Noel Reid
- Born: Noel Reid 22 May 1990 (age 35) Dublin, Ireland
- Height: 1.85 m (6 ft 1 in)
- Weight: 92 kg (14.5 st; 203 lb)
- School: St Michael's College

Rugby union career
- Position(s): Centre, Fly-half
- Current team: Toronto Arrows

Amateur team(s)
- Years: Team / Apps / (Points)
- Clontarf

Senior career
- Years: Team / Apps / (Points)
- 2011–2019: Leinster / 120 / (103)
- 2019–2020: Leicester Tigers / 19 / (45)
- 2020–2022: Agen / 16 / (8)
- 2022: London Irish / 2 / (8)
- 2023–: Toronto Arrows
- Correct as of 18 March 2023

International career
- Years: Team / Apps / (Points)
- 2008: Ireland Schools / 2
- 2009: Ireland U20 / 6 / (34)
- 2013: Emerging Ireland / 3
- 2015: Ireland Wolfhounds / 1
- 2014: Ireland / 1
- Correct as of 10 February 2015

= Noel Reid =

Irish rugby union player

Noel Reid (born 22 May 1990) is an Irish rugby union player who currently plays for the Toronto Arrows in Major League Rugby (MLR). His preferred position is fly-half or centre.

Between 2011 and 2019 he played 120 games for Leinster. He has also played professionally for Leicester Tigers, London Irish and Agen.

==Early career==
In 2007, Reid won the Leinster Schools Rugby Senior Cup with St Michael's College.

==Professional career==

===Leinster===
He made his senior debut in September 2012 against the Scarlets and scored a hattrick on his debut.
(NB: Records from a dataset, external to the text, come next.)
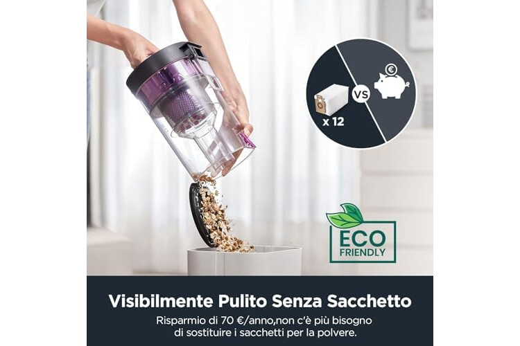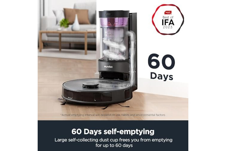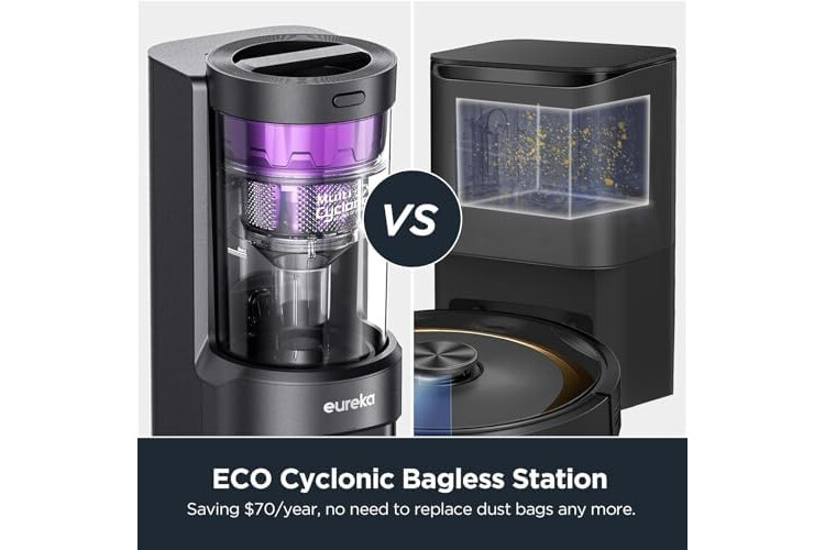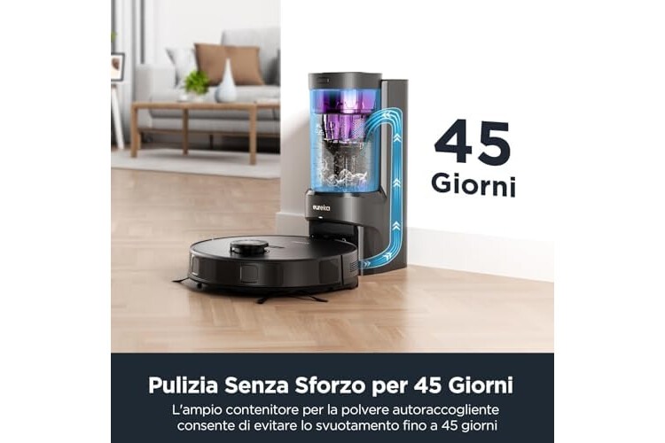 Senza-sacco Design e Pulizia Senza Sforzo per 45 Giorni: L'aspirapolvere robot Eureka NERE10s è dotato di una stazione automatica da 2L e di un cestino ecologico per la polvere al posto dei sacchetti. Grazie a questo assetto il robot può raccogliere e immagazzinare polvere e sporco fino a 45 giorni, eliminando così la necessità di svuotamento manuale e prevenendo l'inquinamento secondario. Goditi un ambiente pulito nella tua casa.
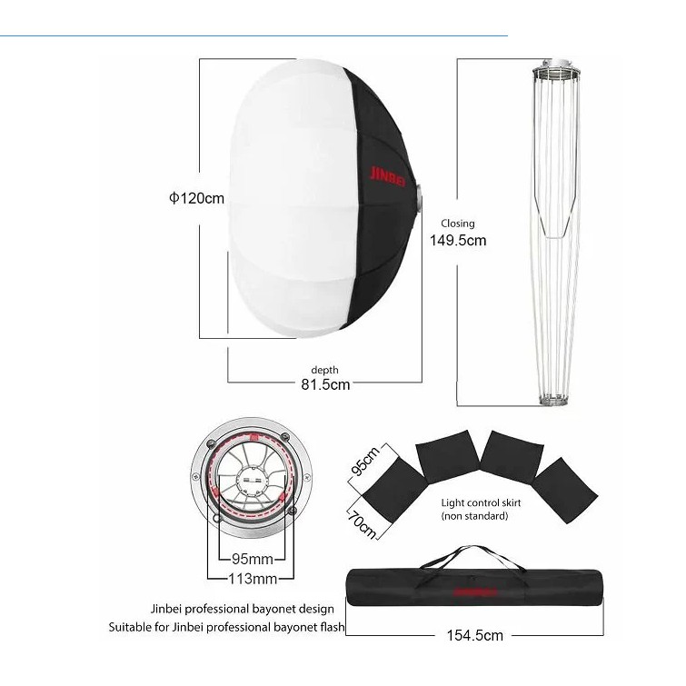 Softbox cầu Chinaball Jinbei 120cm là sản phẩm mới 2021 của hãng giúp chiếu sáng toàn bộ không gian bằng ánh sáng mềm dịu với một tia nguồn sáng. Chinaball Jinbei bằng cách sử dụng thiết kế hình cầu, đèn lồng lan tỏa ánh sáng từ đèn LED hoặc đèn flash của bạn theo mọi hướng. Đi kèm softbox cầu 120cm là những tấm chắn sáng cho phép bạn kiểm soát ánh sáng chính xác hơn với 4 phần hoàn toàn có thể điều chỉnh, cung cấp giải pháp ánh sáng dịu cấp điện ảnh. Chinaball 120cm Jinbei với thiết kế nhả nhanh dựa trên lực căng nên lắp đặt và tháo ra chỉ trong vòng vài giây, sản phẩm đang được bán tại thietbiquayphim với giá tốt nhất.THÔNG SỐ KỸ THUẬT:
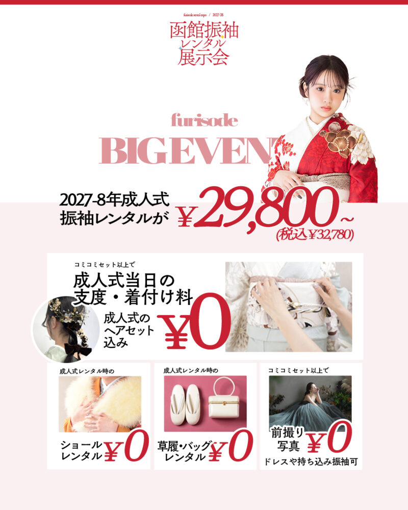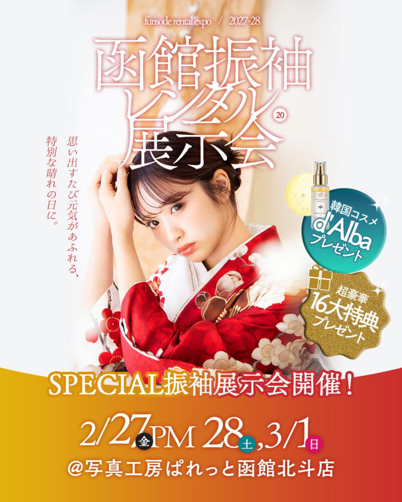 2026/02/05【2026年2月27日2月28日3月1開催】函館振袖レンタル展示会|写真工房ぱれっと函館北斗店
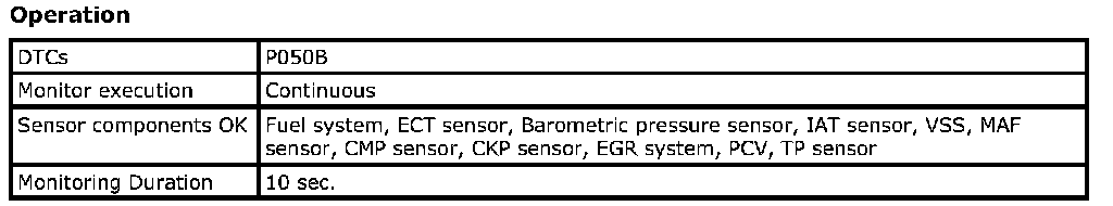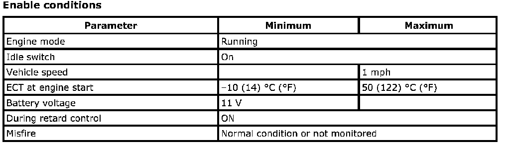 The ECM retards the ignition timing and increases the idle speed to quickly increase the catalyst temperature at cold start to reduce emissions. The ECM monitors the ignition timing and the idle speed for cold start. If the idle speed or the ignition timing is out of specification, the ECM will set DTC.
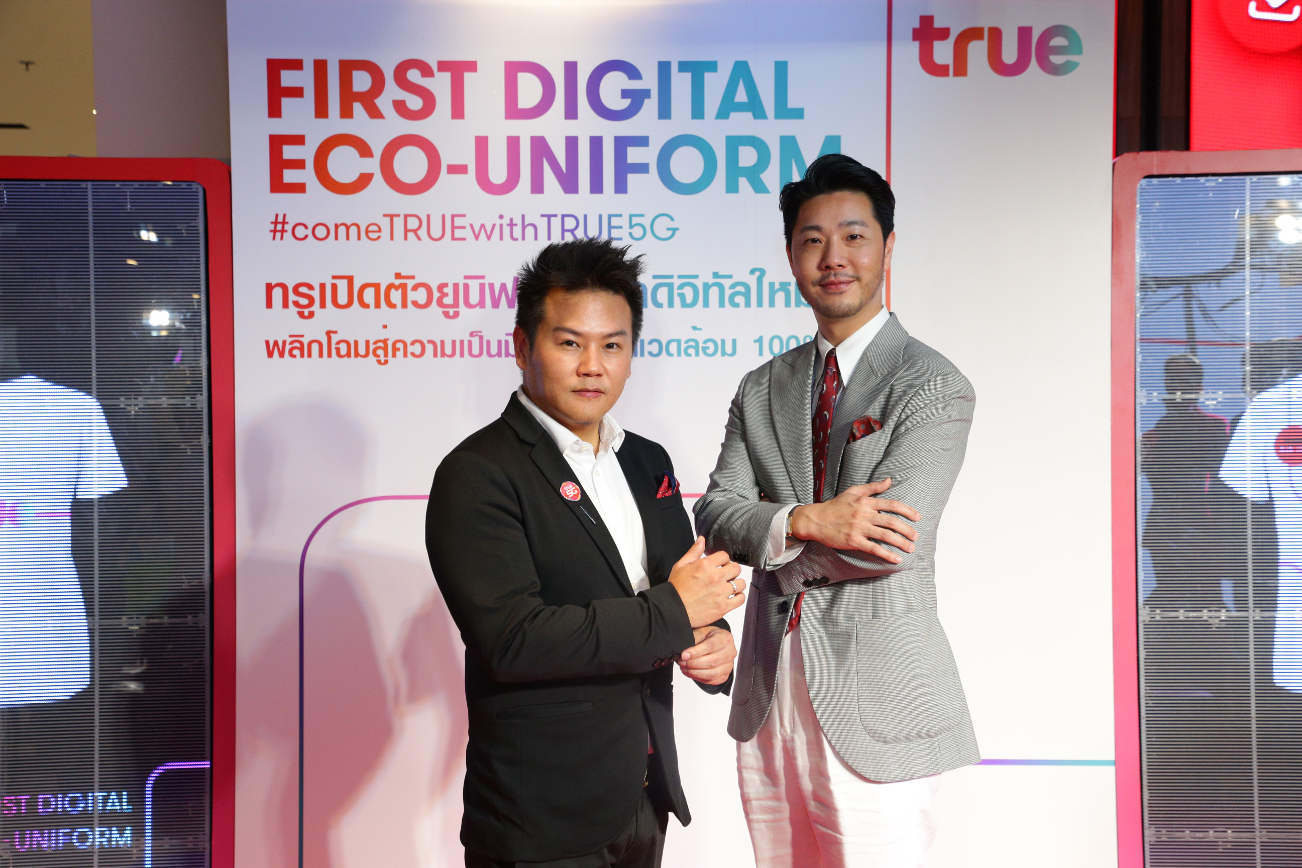 โดยดีไซน์เนอร์ชื่อดัง แบงค์-ปรีดากร เมธเกรียงชัย” แห่ง RAMS (The Personal Style Creatives) ดีไซเนอร์ไทยที่เข้าใจการสื่อสารแบรนด์ผ่านเสื้อผ้าเป็นอย่างดี โดยใช้เทคนิคการสกรีนไล่สี โลโก้ TRUE ลุคใหม่ด้วยมือทีละตัว ทำให้สีสันสดใสยาวนาน พร้อมเพิ่มไฮไลท์สุดล้ำ เชื่อมประสบการณ์ดิจิทัลให้ลูกค้าสแกน AR BADGE เข็มกลัดอัจฉริยะ บนยูนิฟอร์มผ่านแอป True5G AR เพื่อรับสิทธิพิเศษมากมาย
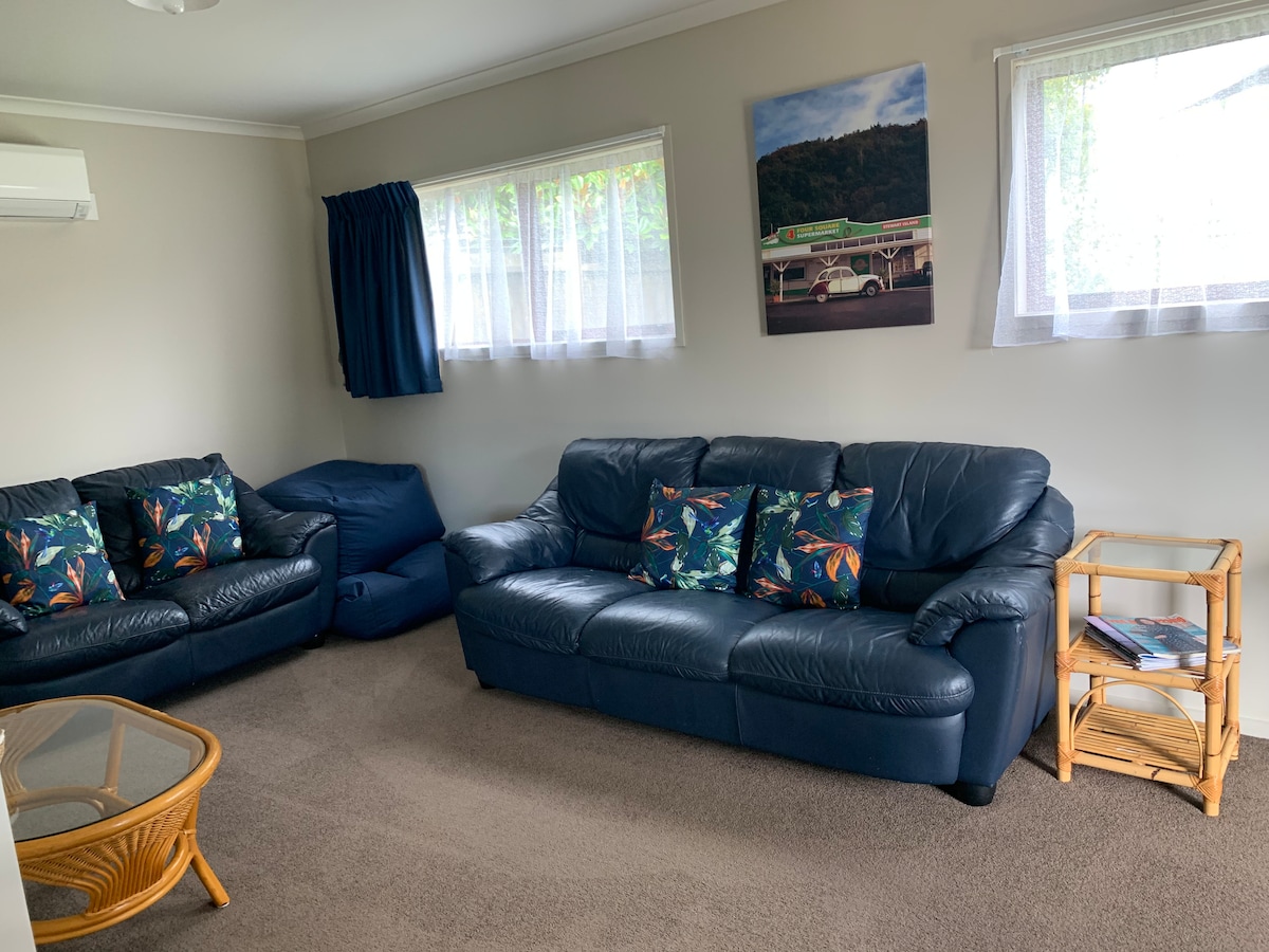 Un bach clàssic a primera línia de platja de kiwi, gaudeix d'unes vistes espectaculars de la platja més apreciada de Nova Zelanda. El nostre bach és autònom, net i còmode. Apte per a famílies petites, parelles o viatgers solitaris. El nostre bach s'adapta a aquells que només volen sortir i gaudir de la platja, el caiac, la pesca, el golf i les aventures sense problemes per preocupar-se per les tasques interiors diàries.
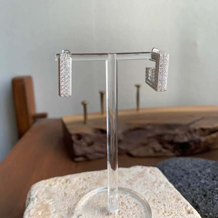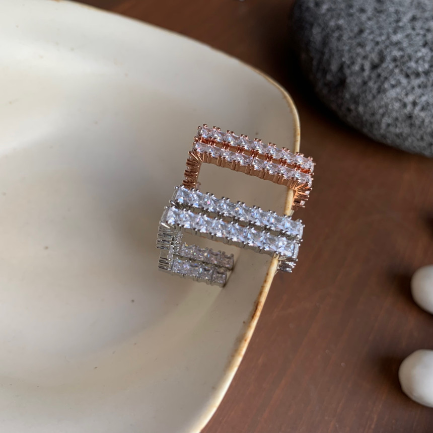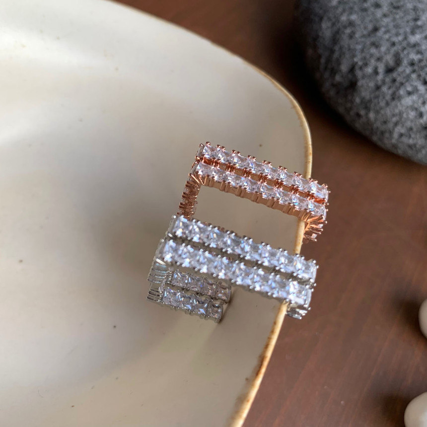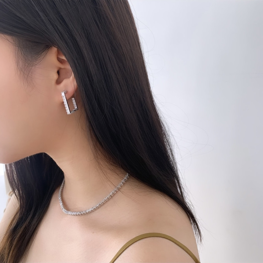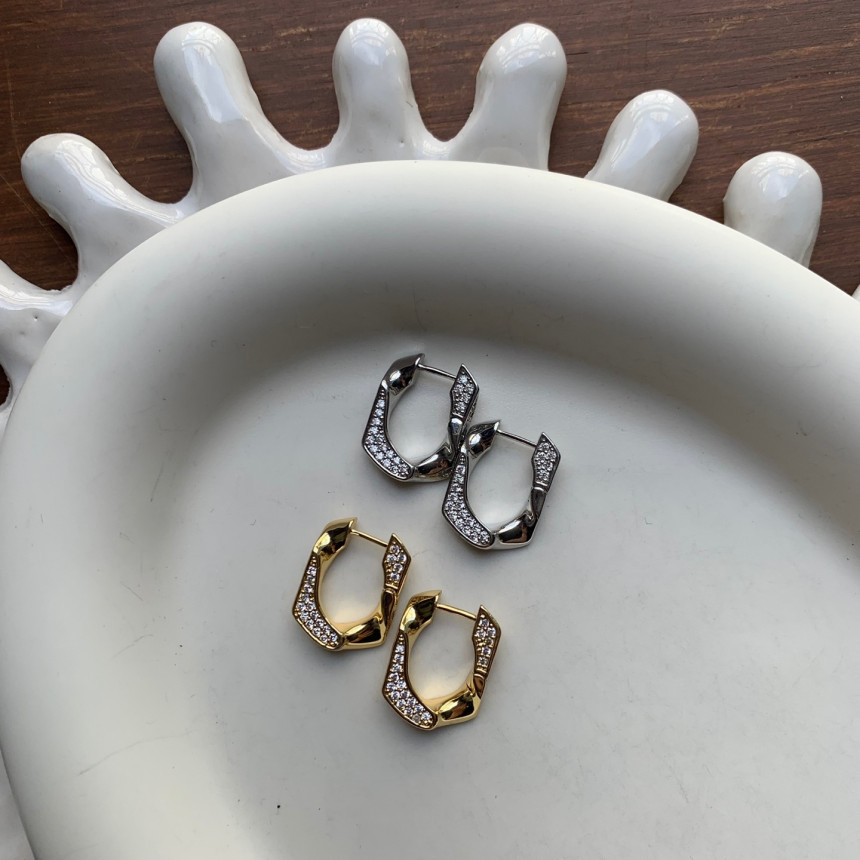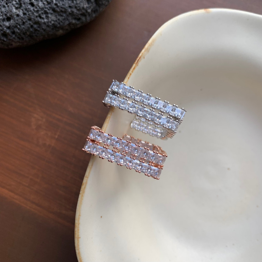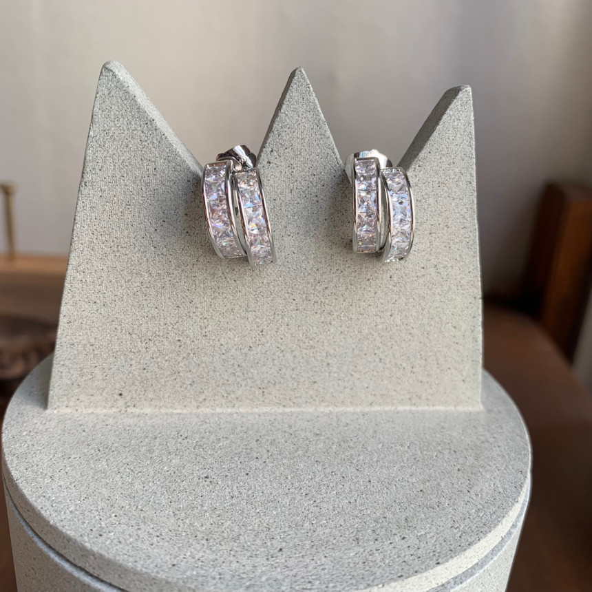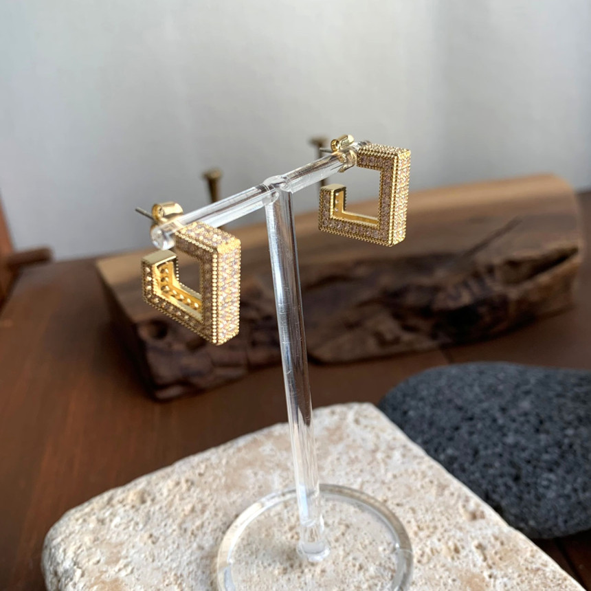 파베세팅큐빅사각링 귀걸이

During his time at Leinster he was part of three European Rugby Champions Cup winning squads and four Pro14 winning squads.

===Leicester Tigers===
Ahead of the 2019–20 season, Reid joined English Premiership side Leicester Tigers. He left ahead of the 2020–21 season, having made 19 appearances.

===Agen===
He signed with France Top14 side Agen ahead of the 2020–21 season. Agen was relegated at the end of the season with Reid having made 11 appearances. After a further 5 appearances in the ProD2, he left for London Irish.

===London Irish===
Reid was signed by Premiership Rugby side London Irish in February 2022 for the remainder of the 2021–22 season. He made his debut against Harlequin sin the Premiership Rugby Cup.

==Ireland==
Reid made his senior debut for Ireland on 14 June 2014 when coming off the bench in the second test of the tour to Argentina.